Each line below from the "너무 뜨거운 물에 당면을" line through the "В станке предусмотрена" line, those two included, must be restated word for word; the pictures must not be.
*** DATA PROVIDED
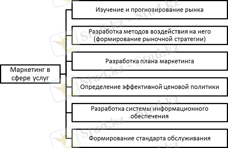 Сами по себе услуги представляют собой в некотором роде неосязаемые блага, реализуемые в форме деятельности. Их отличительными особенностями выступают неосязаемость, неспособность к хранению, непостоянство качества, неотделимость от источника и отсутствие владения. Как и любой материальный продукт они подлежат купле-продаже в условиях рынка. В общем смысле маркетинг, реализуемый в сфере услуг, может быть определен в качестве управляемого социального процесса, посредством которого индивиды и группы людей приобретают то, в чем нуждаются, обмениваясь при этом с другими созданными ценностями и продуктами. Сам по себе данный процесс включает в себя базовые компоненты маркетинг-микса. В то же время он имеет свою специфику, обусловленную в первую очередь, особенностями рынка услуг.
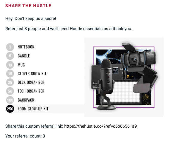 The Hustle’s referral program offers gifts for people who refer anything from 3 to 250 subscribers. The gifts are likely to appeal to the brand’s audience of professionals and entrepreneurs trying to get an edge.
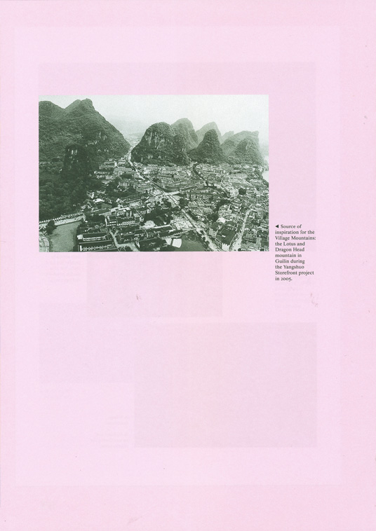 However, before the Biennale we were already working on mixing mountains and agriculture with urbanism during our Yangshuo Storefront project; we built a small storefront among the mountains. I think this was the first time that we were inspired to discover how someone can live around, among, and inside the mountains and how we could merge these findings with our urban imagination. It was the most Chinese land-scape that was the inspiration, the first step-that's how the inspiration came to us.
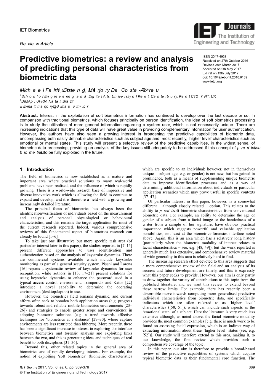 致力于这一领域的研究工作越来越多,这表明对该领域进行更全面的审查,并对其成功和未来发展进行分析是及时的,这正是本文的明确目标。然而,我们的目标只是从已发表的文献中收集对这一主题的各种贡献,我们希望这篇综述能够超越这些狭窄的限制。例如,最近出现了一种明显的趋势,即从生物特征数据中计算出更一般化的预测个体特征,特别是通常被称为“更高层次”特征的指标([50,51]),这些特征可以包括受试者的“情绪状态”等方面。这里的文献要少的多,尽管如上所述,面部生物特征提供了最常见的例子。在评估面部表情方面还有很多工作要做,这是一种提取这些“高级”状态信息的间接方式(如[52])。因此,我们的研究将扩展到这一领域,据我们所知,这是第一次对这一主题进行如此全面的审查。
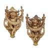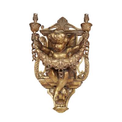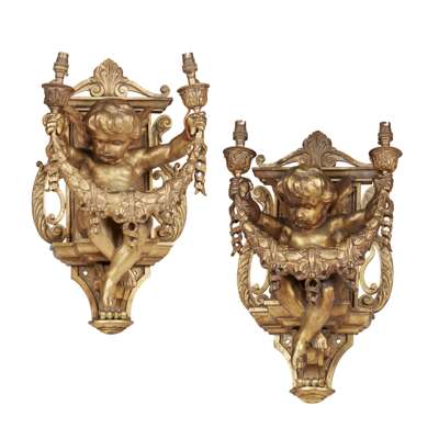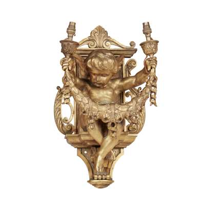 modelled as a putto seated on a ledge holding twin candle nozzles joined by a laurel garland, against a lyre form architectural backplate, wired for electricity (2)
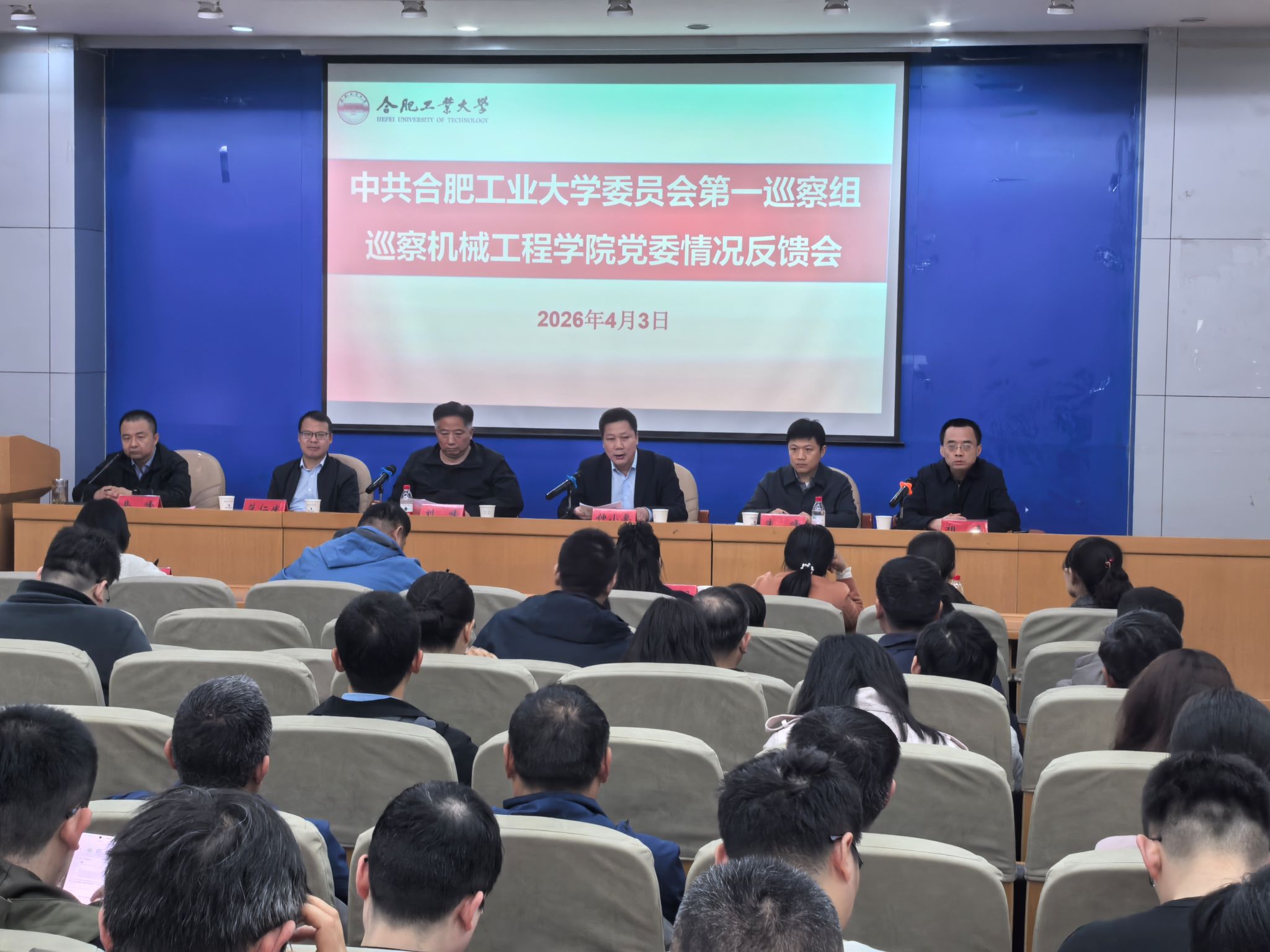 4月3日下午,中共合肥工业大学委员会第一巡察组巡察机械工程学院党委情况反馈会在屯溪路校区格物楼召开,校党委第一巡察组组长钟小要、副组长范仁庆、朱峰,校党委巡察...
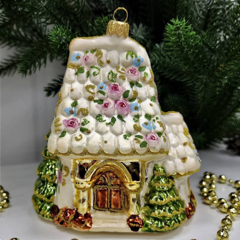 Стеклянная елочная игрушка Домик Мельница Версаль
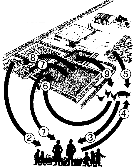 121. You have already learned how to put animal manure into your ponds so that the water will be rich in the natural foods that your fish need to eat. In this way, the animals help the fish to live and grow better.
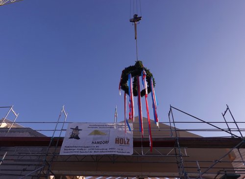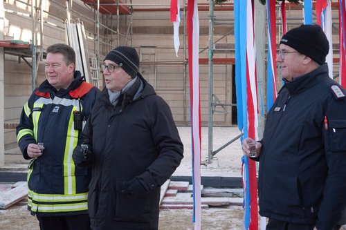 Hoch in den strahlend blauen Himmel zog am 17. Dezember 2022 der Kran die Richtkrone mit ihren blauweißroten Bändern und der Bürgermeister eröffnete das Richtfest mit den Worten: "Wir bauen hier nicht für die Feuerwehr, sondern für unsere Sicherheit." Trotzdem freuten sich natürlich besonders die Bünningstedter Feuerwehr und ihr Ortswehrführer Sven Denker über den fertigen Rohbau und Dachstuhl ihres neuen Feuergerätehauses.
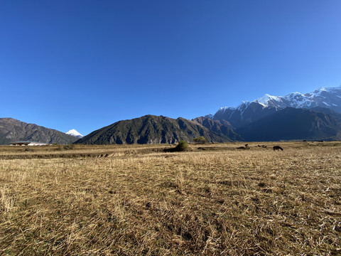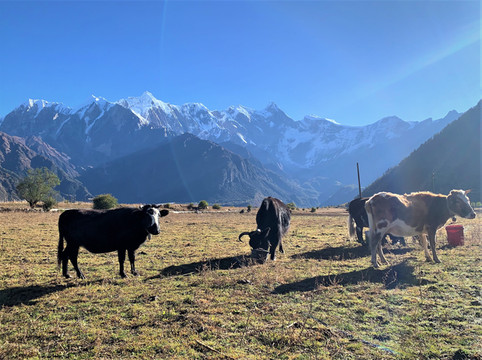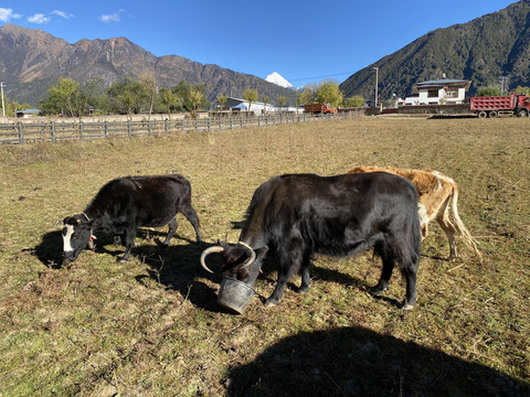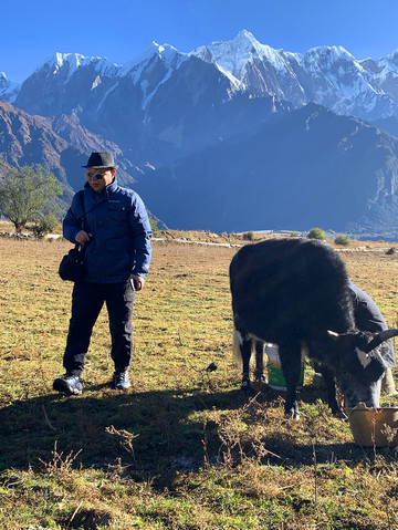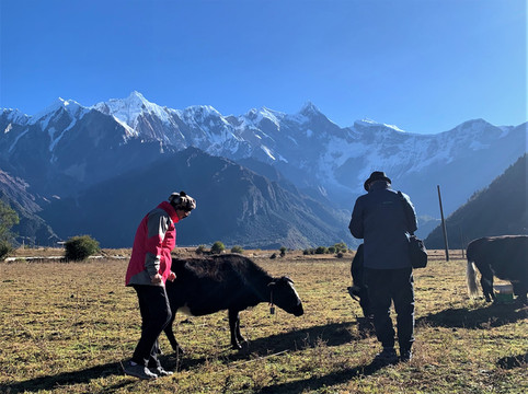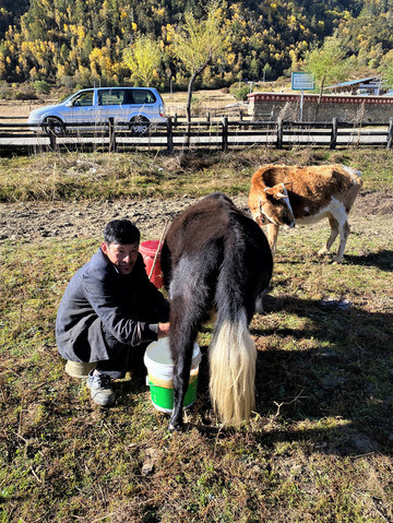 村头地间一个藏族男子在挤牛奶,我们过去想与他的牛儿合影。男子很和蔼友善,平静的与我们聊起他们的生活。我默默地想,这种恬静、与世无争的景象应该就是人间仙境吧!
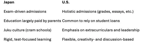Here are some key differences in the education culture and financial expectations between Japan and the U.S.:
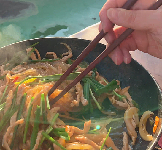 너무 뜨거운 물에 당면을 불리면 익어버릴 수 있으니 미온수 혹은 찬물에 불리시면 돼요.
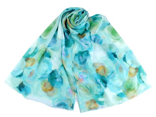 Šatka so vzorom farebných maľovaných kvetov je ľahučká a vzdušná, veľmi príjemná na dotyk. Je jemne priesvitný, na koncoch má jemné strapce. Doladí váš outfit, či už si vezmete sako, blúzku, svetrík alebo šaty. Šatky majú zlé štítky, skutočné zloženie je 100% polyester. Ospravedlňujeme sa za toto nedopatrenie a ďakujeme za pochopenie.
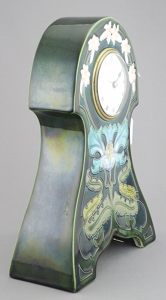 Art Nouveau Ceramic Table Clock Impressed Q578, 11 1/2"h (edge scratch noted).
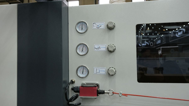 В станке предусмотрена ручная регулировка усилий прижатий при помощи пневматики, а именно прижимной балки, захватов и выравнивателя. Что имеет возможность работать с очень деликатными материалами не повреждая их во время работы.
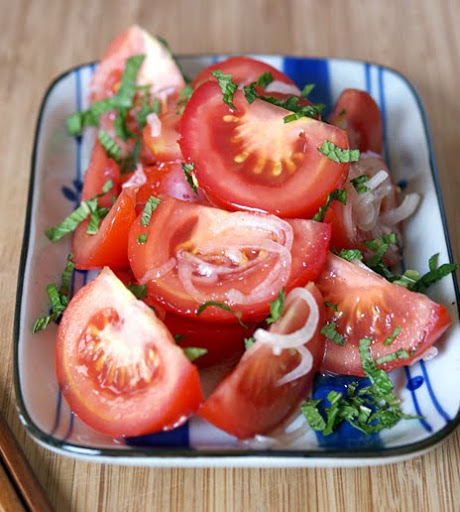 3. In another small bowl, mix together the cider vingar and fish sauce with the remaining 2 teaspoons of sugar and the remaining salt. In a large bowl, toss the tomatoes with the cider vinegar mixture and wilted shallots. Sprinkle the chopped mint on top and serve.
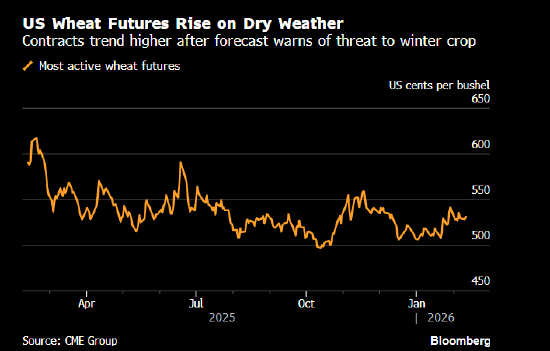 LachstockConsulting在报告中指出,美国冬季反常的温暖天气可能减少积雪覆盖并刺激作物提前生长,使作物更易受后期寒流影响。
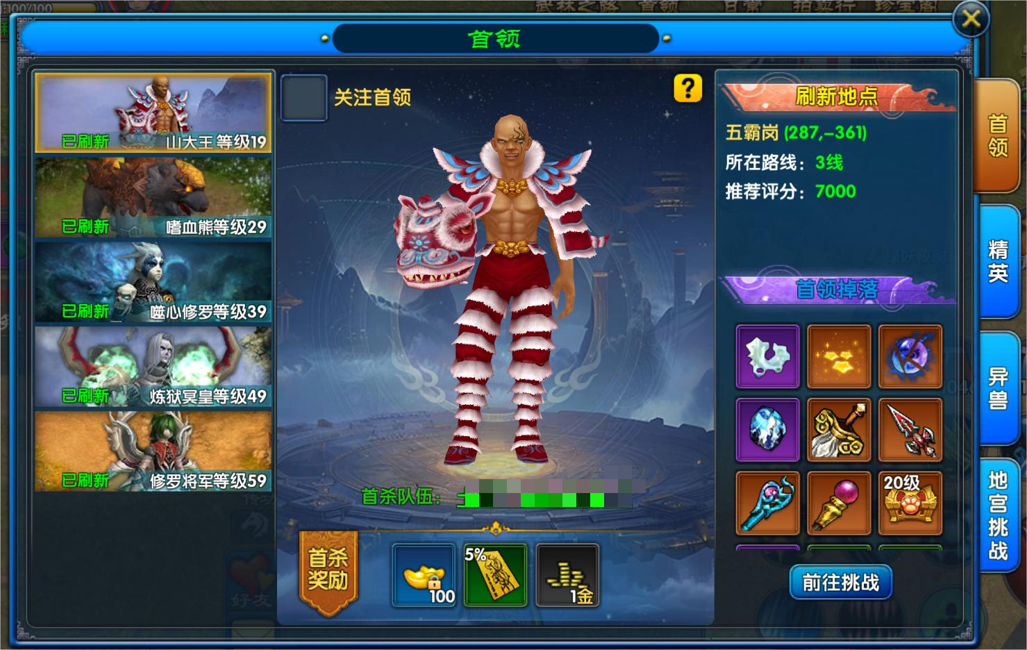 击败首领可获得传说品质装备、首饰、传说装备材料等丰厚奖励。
******
### RESPONSE TO THE EXERCISE
 너무 뜨거운 물에 당면을 불리면 익어버릴 수 있으니 미온수 혹은 찬물에 불리시면 돼요.
 Šatka so vzorom farebných maľovaných kvetov je ľahučká a vzdušná, veľmi príjemná na dotyk. Je jemne priesvitný, na koncoch má jemné strapce. Doladí váš outfit, či už si vezmete sako, blúzku, svetrík alebo šaty. Šatky majú zlé štítky, skutočné zloženie je 100% polyester. Ospravedlňujeme sa za toto nedopatrenie a ďakujeme za pochopenie.
 Art Nouveau Ceramic Table Clock Impressed Q578, 11 1/2"h (edge scratch noted).
 В станке предусмотрена ручная регулировка усилий прижатий при помощи пневматики, а именно прижимной балки, захватов и выравнивателя. Что имеет возможность работать с очень деликатными материалами не повреждая их во время работы.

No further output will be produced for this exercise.